Bayard Taylor: Laureate of the Gilded Age

Bayard Taylor: Laureate of the Gilded Age

Bayard Taylor: Laureate of the Gilded Age

Excerpt

This study is the result of an unprejudiced effort to understand the life of one of the most colorful and popular American authors of the nineteenth century. It attempts to answer what seems to me a decidedly significant question: the question, namely, of how it has happened that the once widely esteemed writings of Bayard Taylor are now almost completely forgotten. What was the nature of his work, that it was able to arrest so remarkably the imagination of his countrymen? Wherein has that imagination changed since? Moreover, with time's perspective to assist one, what conclusion can be reached about the intrinsic value of what the man did, regardless of its present popularity? What is there in it which at least deserves attention still?

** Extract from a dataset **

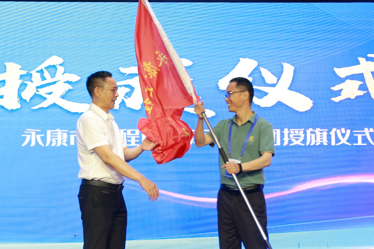 在熱烈的掌聲中,永康五金技師學(xué)院博士后工作站負(fù)責(zé)人、智庫服務(wù)團(tuán)團(tuán)長胡天喜博士從永康市人社局黨組書記、局長曹法余手中接過旗幟,宣布正式成立“永康市工程師智庫服務(wù)團(tuán)”。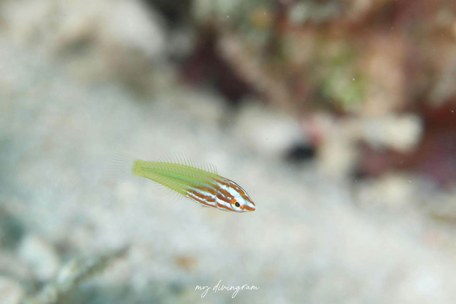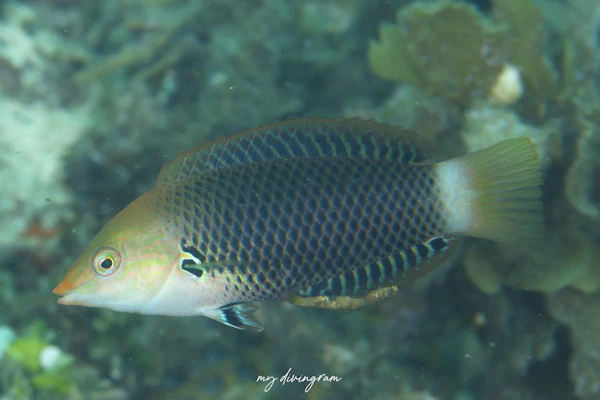頭部と尾鰭が白っぽく残りは暗色の海外産のホンベラ属です。

The imperfect solution here presented to these questions naturally involved some examination of Taylor's way of life, and on this point there soon became apparent a remarkable circumstance: His way of life had a typicalness about it that, in America, appears characteristic not only of his own age but of the present as well. His biography, in other words, soon took on a symbolic character which was almost thunderously alive and contemporary. Thus, while it is evident that a taste for what he wrote has waned, it is equally evident that the tendency to live as he lived has not waned at all, but waxed. And this problem stood plainly in...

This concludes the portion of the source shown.